8.3 Afwijken van de bouwregels
Afwijken ten behoeve van cultuurhistorische bebouwing
Het bevoegd gezag kan bij een omgevingsvergunning afwijken voor zover de in lid 8.1bedoelde gronden zijn voorzien van de bouwaanduiding 'karakteristiek', teneinde ten behoeve van het behoud van deze panden, splitsing in meerdere woningen toe te staan, met dien verstande dat:
-
a. een omgevingsvergunning uitsluitend wordt verleend indien de woningsplitsing bijdraagt aan het behoud of verbetering van het oorspronkelijke en cultuurhistorische waardevolle karakter van de bebouwing;
-
b. het uitwendige karakter van het hoofdgebouw - zoals dit bepaald is door hoofdafmetingen, onderlinge maatverhoudingen, dakvorm en nokrichting - behouden blijft;
-
c. de inhoud van het te splitsen gebouw minimaal 1.000 m³ bedraagt;
-
d. indien een in dit lid bedoeld pand wordt afgebroken of anderszins tenietgaat, vervalt deze afwijkingsbevoegdheid.

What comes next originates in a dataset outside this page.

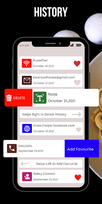 Pemindaian kode QR / pemindaian barcode, hasilkan kode QR dan tambahkan riwayat kode QR favorit dengan pencarian dan filter.

8.4 Specifieke gebruiksregels
Met betrekking tot het gebruik gelden de volgende regels:
-
a. het gebruik van bijgebouwen als zelfstandige woning of afhankelijke woonruimte is niet toegestaan;
-
b. de vloeroppervlakte ten behoeve van aan-huis-verbonden beroepen en aan-huis-verbonden bedrijven bedraagt ten hoogste 25% van de vloeroppervlakte van de betrokken woning inclusief aan en uitbouwen met een maximum van 60 m²;
-
c. het is toegestaan om in een woning kleinschalige bedrijfsmatige activiteiten uit te oefenen;
-
d. de opslag van meer dan 10.000 kg consumentenvuurwerk is niet toegestaan;
-
e. verkooppunten voor motorbrandstoffen zijn niet toegestaan;
-
f. detailhandel in volumineuze goederen en grootschalige detailhandel zijn niet toegestaan.

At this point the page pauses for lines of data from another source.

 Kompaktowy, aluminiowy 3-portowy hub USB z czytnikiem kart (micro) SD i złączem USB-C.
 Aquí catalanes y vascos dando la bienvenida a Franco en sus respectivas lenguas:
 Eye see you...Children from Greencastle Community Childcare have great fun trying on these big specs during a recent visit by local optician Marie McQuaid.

8.5 Afwijken van de gebruiksregels
Het bevoegd gezag kan bij een omgevingsvergunning afwijken van het bepaalde in lid 8.4 en toestaan dat een bijgebouw gebruikt wordt als afhankelijke woonruimte, mits aan de volgende voorwaarden wordt voldaan:
-
a. een dergelijke bewoning noodzakelijk is vanuit een oogpunt van mantelzorg;
-
b. een afhankelijke woonruimte kan uitsluitend worden toegestaan indien voldaan wordt aan de geldende richtafstanden voor geluid, geur en veiligheid en er geen onevenredige aantasting plaatsvindt van in het geding zijnde belangen van omwonenden en (agrarische) bedrijven;
-
c. de afhankelijke woonruimte wordt ingepast binnen de bestaande bijgebouwen of er vindt herbouw plaats met de bestaande situering, met een maximale gebruiksoppervlakte van 60 m²;
-
d. het bijgebouw is gelegen op een afstand van maximaal 25 m van de woning.